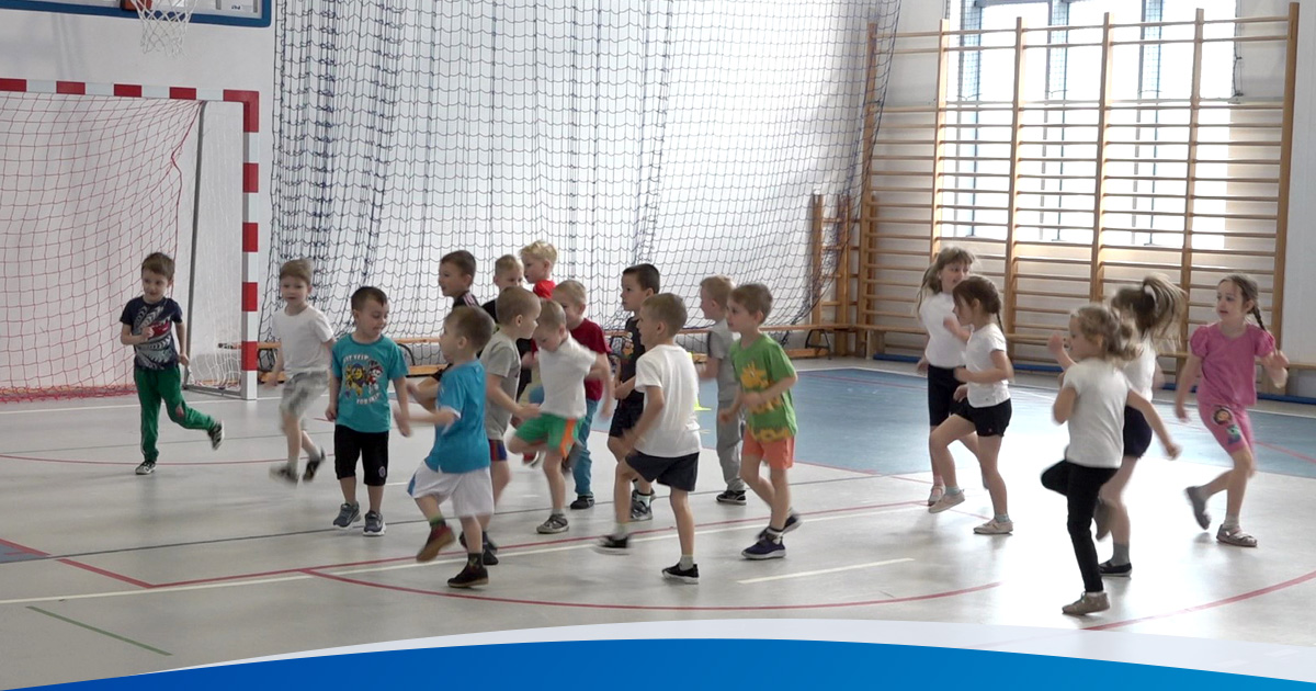 Eine Gruppe von 5-jährigen Mädchen und Jungen der Vorschule in Kliniska Wielkie wirbelt bei ihren wöchentlichen Bewegungsübungen durch die Turnhalle . Neben Spaß und Freude an der Bewegung, sollen sich die Übungen vor allem positiv auf Ausdauer, Schnelligkeit, Kraft und Gleichgewicht der Kinder auswirken. Die Übungen werden vom Trainer anhand der individuellen Bedürfnisse und Möglichkeiten der Kinder zusammengestellt und sind Bestandteil des Programms „Sei fit“. Das Programm wurde unterstützt vom Projektpartner, Universität Stettin, unter Berücksichtigung aktueller wissenschaftlicher Erkenntnisse sowie bewährter Verfahren entwickelt. Die Vorschule in Kliniska Wielkie ist eine von insgesamt 27 Einrichtungen, in denen das vom Projekt entwickelte Programm „Sei fit“ von etwa 1.000 Kindern getestet wird.
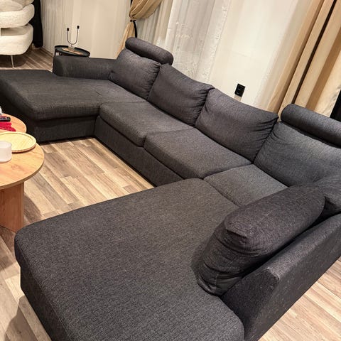 Säljer en bekväm och rymlig blå hörnsoffa. Soffan har mjuka dynor och är mycket skön att sitta i, perfekt för vardagsrum och familjemys. Klassisk design med fint mönstrat tyg och matchande kuddar ingår. Kom gärna med prisförslag!
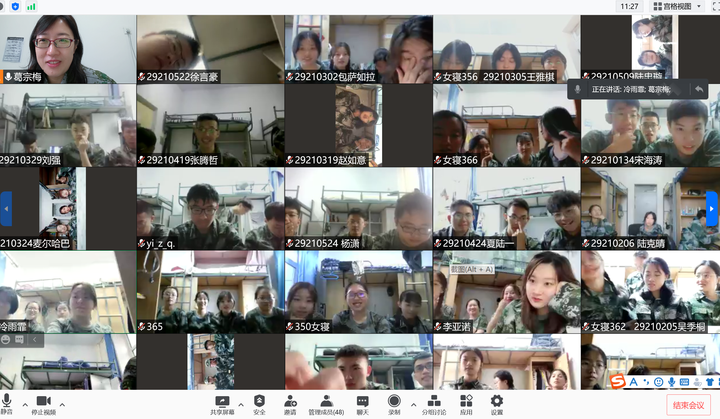 为加强员工的自我管理能力,帮助新生尽快适应大学的学习和生活,树立新生的集体意识,建设文明校风,弘扬吉大精神,增强新生同学作为“吉大人”的责任感、使命感和自豪感。2021年9月25日上午,护理公司党委副书记兼副经理、2021级新生辅导员葛宗梅通过线上会议方式主持召开了2021级新生年级大会,开展新生入学教育。2021级全体新生参加中。
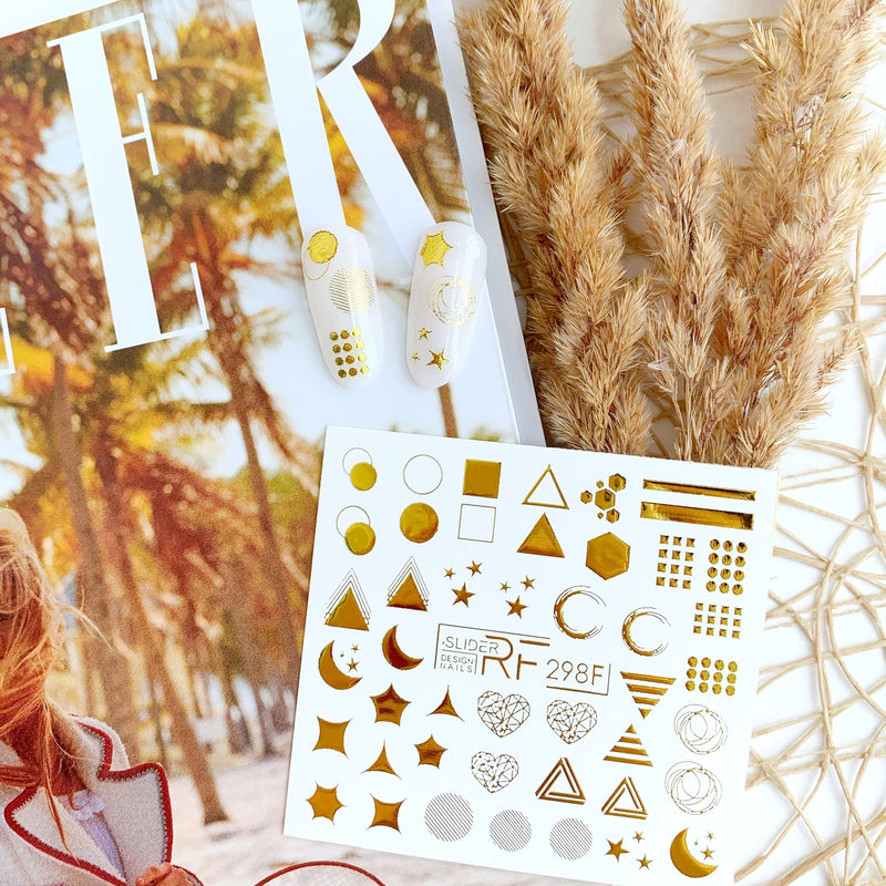 Designs for nail decal: Foil, Gold, Geometry, Triangle, Square, Circle, Heart,
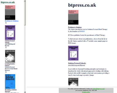 BTPress publishes texts on the Solution Focused approach. Publications can be purchased online on this web-site.
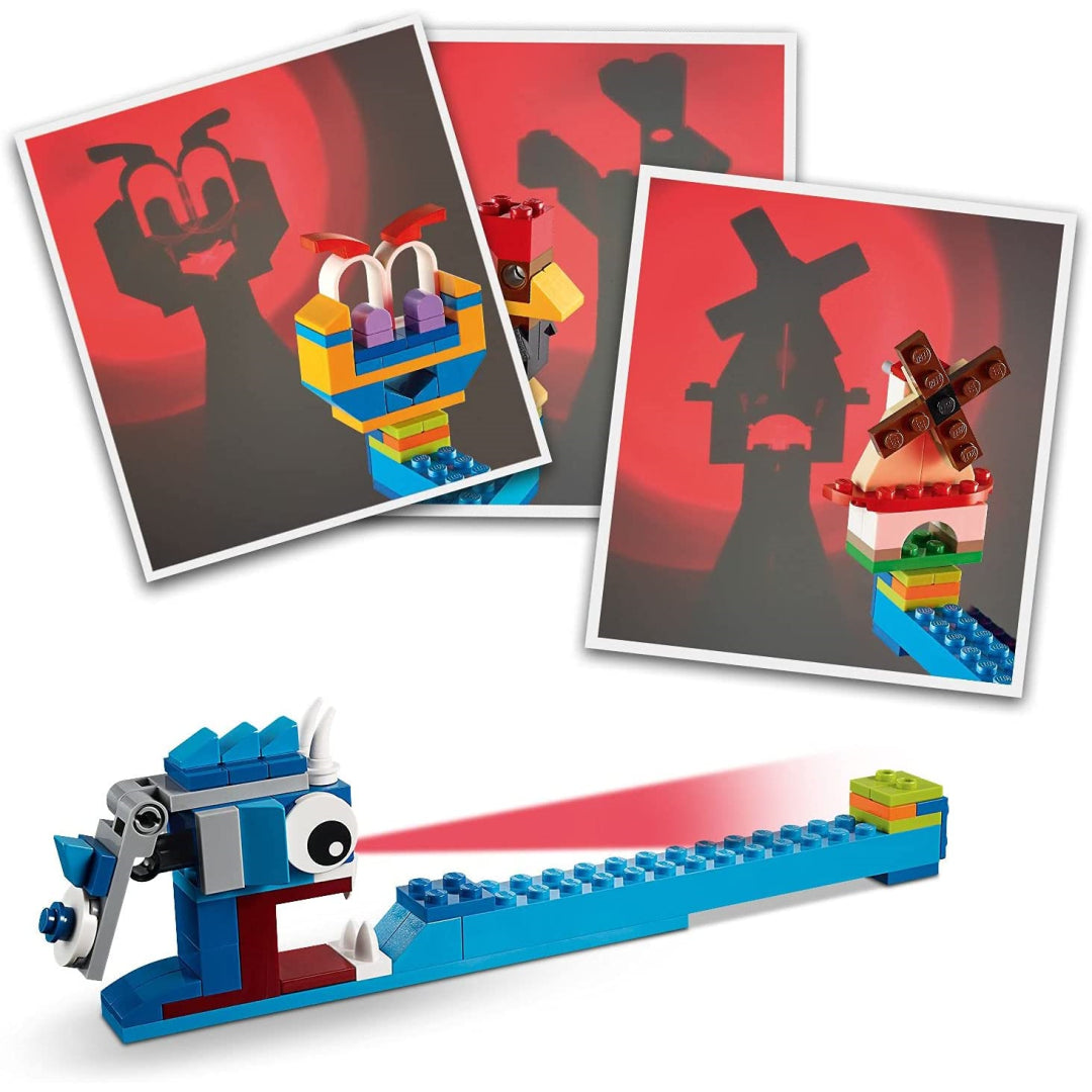 Kids choose a model, construct it, press a button on a Light Brick to cast its shadow, and then add another picture with the second Shadow Caster. A castle, a funny face, a princess, a bat, a rooster, a crook, a pirate ship, an owl, a ghost, a windmill, a shark, and a dinosaur are among the 12 easy-to-build toys.

WHAT THIS TASK INVOLVES: Restate the whole listing exactly as written, minus the pictures.

OUTPUT FOR THIS TASK:
 Eine Gruppe von 5-jährigen Mädchen und Jungen der Vorschule in Kliniska Wielkie wirbelt bei ihren wöchentlichen Bewegungsübungen durch die Turnhalle . Neben Spaß und Freude an der Bewegung, sollen sich die Übungen vor allem positiv auf Ausdauer, Schnelligkeit, Kraft und Gleichgewicht der Kinder auswirken. Die Übungen werden vom Trainer anhand der individuellen Bedürfnisse und Möglichkeiten der Kinder zusammengestellt und sind Bestandteil des Programms „Sei fit“. Das Programm wurde unterstützt vom Projektpartner, Universität Stettin, unter Berücksichtigung aktueller wissenschaftlicher Erkenntnisse sowie bewährter Verfahren entwickelt. Die Vorschule in Kliniska Wielkie ist eine von insgesamt 27 Einrichtungen, in denen das vom Projekt entwickelte Programm „Sei fit“ von etwa 1.000 Kindern getestet wird.
 Säljer en bekväm och rymlig blå hörnsoffa. Soffan har mjuka dynor och är mycket skön att sitta i, perfekt för vardagsrum och familjemys. Klassisk design med fint mönstrat tyg och matchande kuddar ingår. Kom gärna med prisförslag!
 为加强员工的自我管理能力,帮助新生尽快适应大学的学习和生活,树立新生的集体意识,建设文明校风,弘扬吉大精神,增强新生同学作为“吉大人”的责任感、使命感和自豪感。2021年9月25日上午,护理公司党委副书记兼副经理、2021级新生辅导员葛宗梅通过线上会议方式主持召开了2021级新生年级大会,开展新生入学教育。2021级全体新生参加中。
 Designs for nail decal: Foil, Gold, Geometry, Triangle, Square, Circle, Heart,
 BTPress publishes texts on the Solution Focused approach. Publications can be purchased online on this web-site.
 Kids choose a model, construct it, press a button on a Light Brick to cast its shadow, and then add another picture with the second Shadow Caster. A castle, a funny face, a princess, a bat, a rooster, a crook, a pirate ship, an owl, a ghost, a windmill, a shark, and a dinosaur are among the 12 easy-to-build toys.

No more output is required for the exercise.